What is needed: All of the records below are to be output exactly; no image belongs in the result.

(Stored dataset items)
══════════
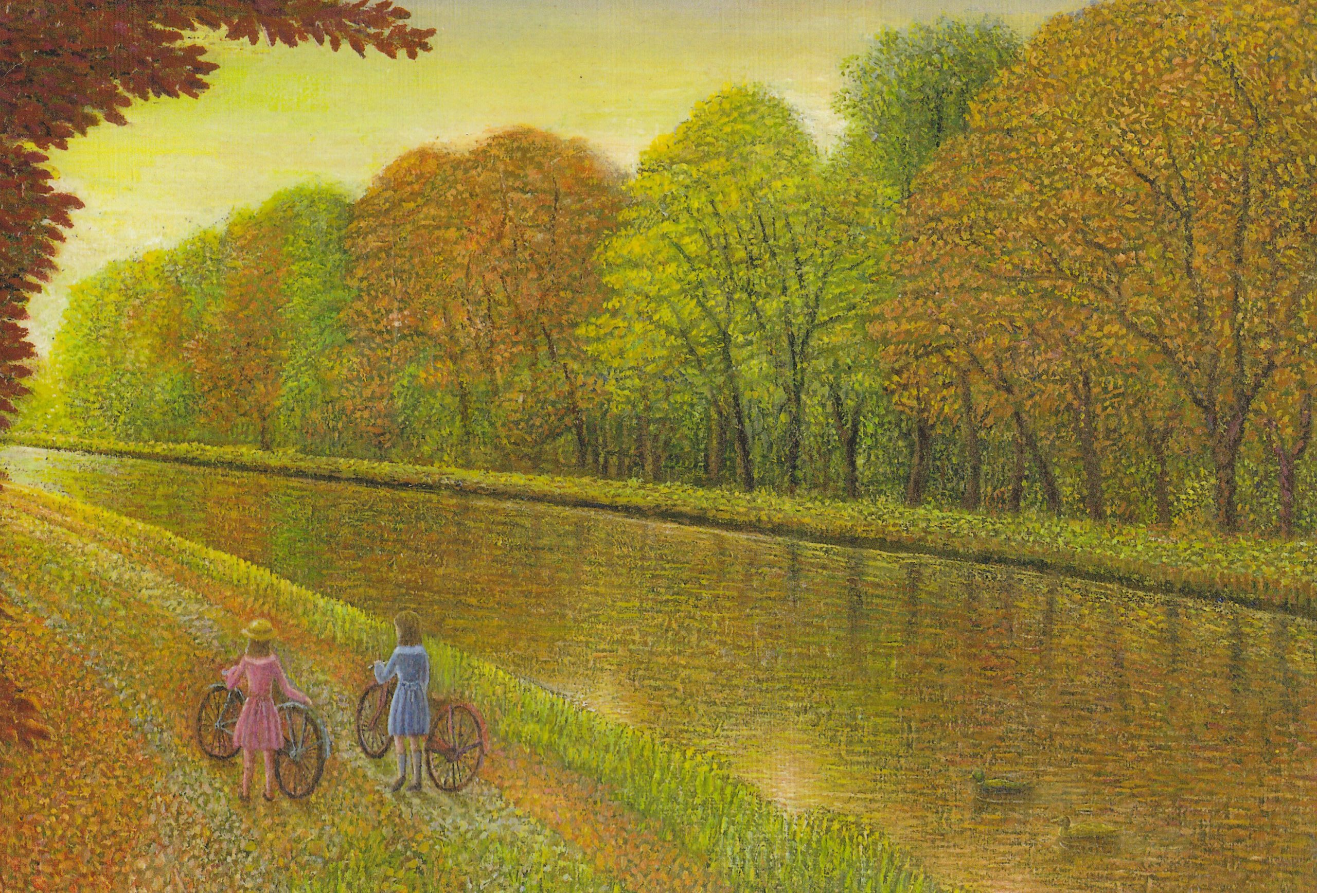 「秋の御影用水」 2025.09.24 中山道の追分宿は標高が1000mの避暑地です。浅間山の地下水を日光で温める人口の用水路(御影用水)は林の中を流れて美しい景観を作っています。紅葉の散歩は素敵です。 カンヴァス・油彩 F4号 2010年
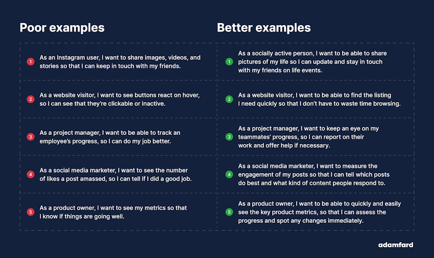Users always come first—user stories should only be about…well, users. It’s essential to underline that the people tasked with writing them should have a solid understanding of the user personas and the research done to inform them;
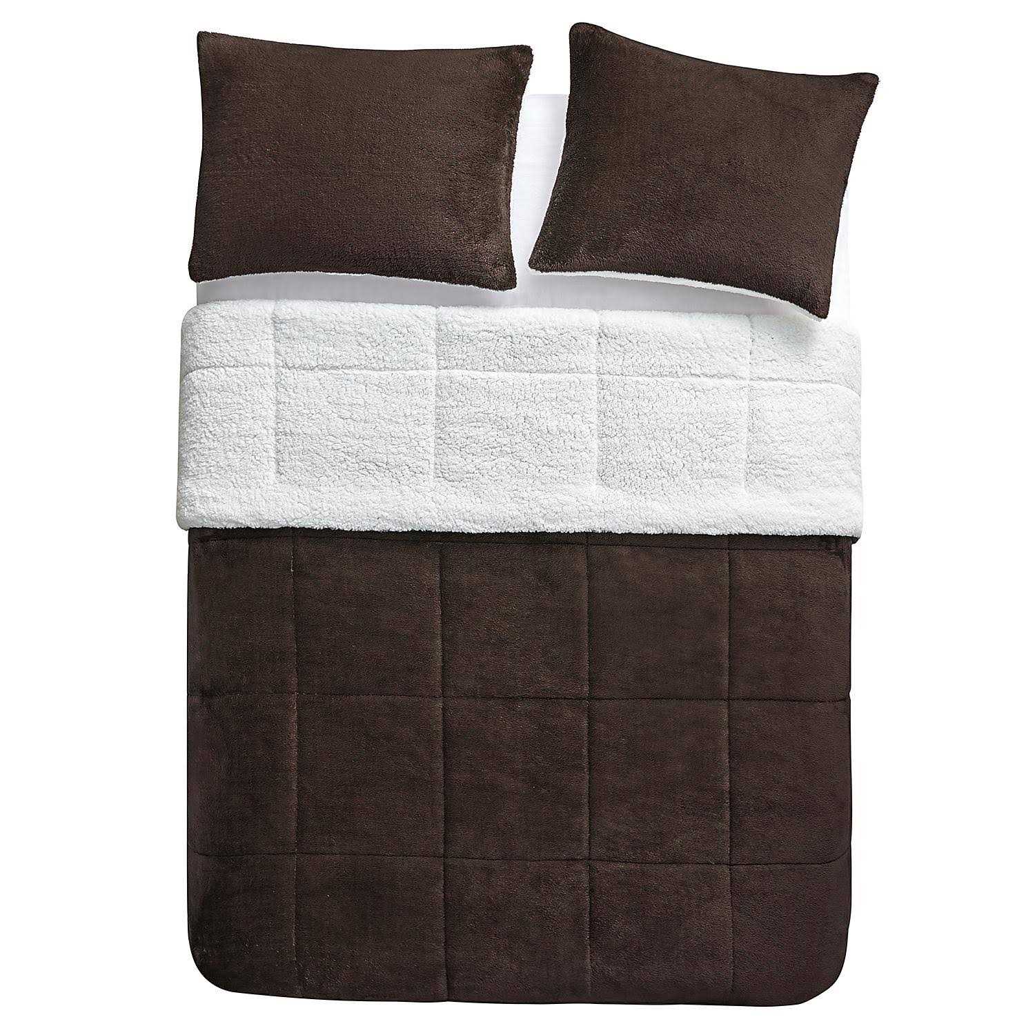 You’ll love the way the Swift Home Plush Sherpa Comforter Set surrounds you in softness on a chilly winter night and introduces unparalleled richness to your bedroom. Made of luxuriously soft faux fur the plush face and sherpa backing create an extra dimension of comfort and warmth. Box quilting keeps the down-alternative fill in place for even distribution of warmth. The set includes one reversible comforter and two matching reversible shams for a well-coordinated look. The rich texture of the high pile yarn gives this comforter set a plush cotton feel exceptional comfort and a glamorous look.
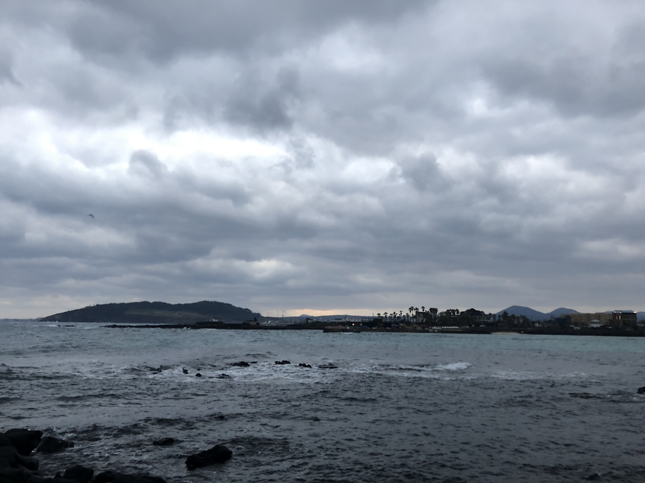 오후 내내 가다 쉬다 반복하며 해안도로를 따라 달리니 해질녘에 성산에 도착했다.
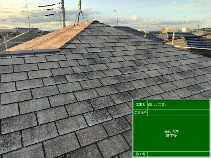 長年に渡りついてしまった汚れやコケも、高い水圧により剥がれ落ちているのがお分かりいただけるかと思います。
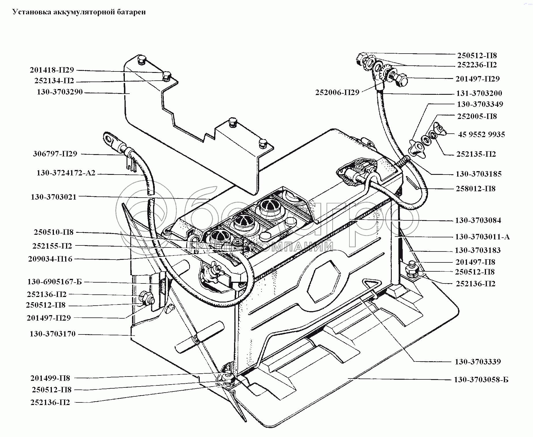 Каталог запасных частей к технике: ЗИЛ-431416. Электрооборудование\Установка аккумуляторной батареи
══════════
Solution for this exercise:
 「秋の御影用水」 2025.09.24 中山道の追分宿は標高が1000mの避暑地です。浅間山の地下水を日光で温める人口の用水路(御影用水)は林の中を流れて美しい景観を作っています。紅葉の散歩は素敵です。 カンヴァス・油彩 F4号 2010年
Users always come first—user stories should only be about…well, users. It’s essential to underline that the people tasked with writing them should have a solid understanding of the user personas and the research done to inform them;
 You’ll love the way the Swift Home Plush Sherpa Comforter Set surrounds you in softness on a chilly winter night and introduces unparalleled richness to your bedroom. Made of luxuriously soft faux fur the plush face and sherpa backing create an extra dimension of comfort and warmth. Box quilting keeps the down-alternative fill in place for even distribution of warmth. The set includes one reversible comforter and two matching reversible shams for a well-coordinated look. The rich texture of the high pile yarn gives this comforter set a plush cotton feel exceptional comfort and a glamorous look.
 오후 내내 가다 쉬다 반복하며 해안도로를 따라 달리니 해질녘에 성산에 도착했다.
 長年に渡りついてしまった汚れやコケも、高い水圧により剥がれ落ちているのがお分かりいただけるかと思います。
 Каталог запасных частей к технике: ЗИЛ-431416. Электрооборудование\Установка аккумуляторной батареи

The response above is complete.